What it boils down to is: The tracks Phair herself produced, like "Big Tall Man" and the amusing "Shitloads of Money," are nice tries; the tracks produced by Brad Wood (who produced her first two albums) are the most successful; the tracks Scott Litt produced, except for the Liz-and-a-guitar finale "Girls' Room," are ten pounds of shit in a five-pound bag. So it's no surprise that the Wood-produced "Johnny Feelgood" and the chilling "Go On Ahead" are the highlights, while the worst -- "Baby Got Going" and the execrable "Headache," the second-worst thing Phair has ever committed to vinyl, with its techno-porno beat -- are the handiwork of Litt, who also invites three REM friends to sit in, rather blandly I thought, on "Fantasize." If I were Phair, I wouldn't ask Litt back for the next go-round. He did good work with REM, but Phair isn't REM. She's herself, and the problem with this disc is that she isn't quite herself.
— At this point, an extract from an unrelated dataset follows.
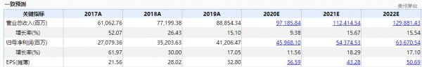 减持背后,除了贵州茅台一路上行的估值、市值,还有其放缓的增长率,2019年贵州茅台最终实现归母净利润增长率17.05%,较2018年的30%收窄近一半。而近半年机构一致预测数据显示,贵州茅台2020将实现归母净利润11.56%的增长,进一步收窄。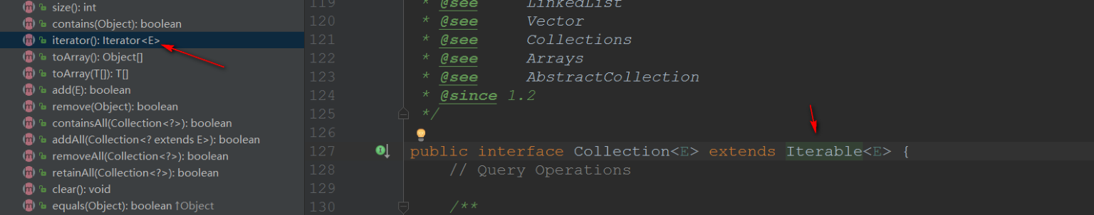 我们可以发现Collection的源码中继承了Iterable,有iterator()这个方法

A few years ago, Courtney Love dissed Phair in an interview: "She reminds me of a potato." I thought that was a mean remark then (when all Love had to go on was the un-potato-like Exile), and I think it's a mean remark now. But there's definitely something of the potato about whitechocolatespaceegg. These songs have been mashed and baked and buttered within an inch of their lives, and the whole album sounds as though it's been sitting around for so long it's started to grow eyes. Personally, Phair took a long sabbatical to get married and have a child; musically, since Whip-Smart, she's kept her hand in with uninspired contributions to soundtracks or compilations. (My heart sank when I heard her cover of the Banana Splits theme song.) The new disc is her comeback, and we've missed her, and this might explain why some critics have been kind to it. To do so is to insult an artist capable of far better.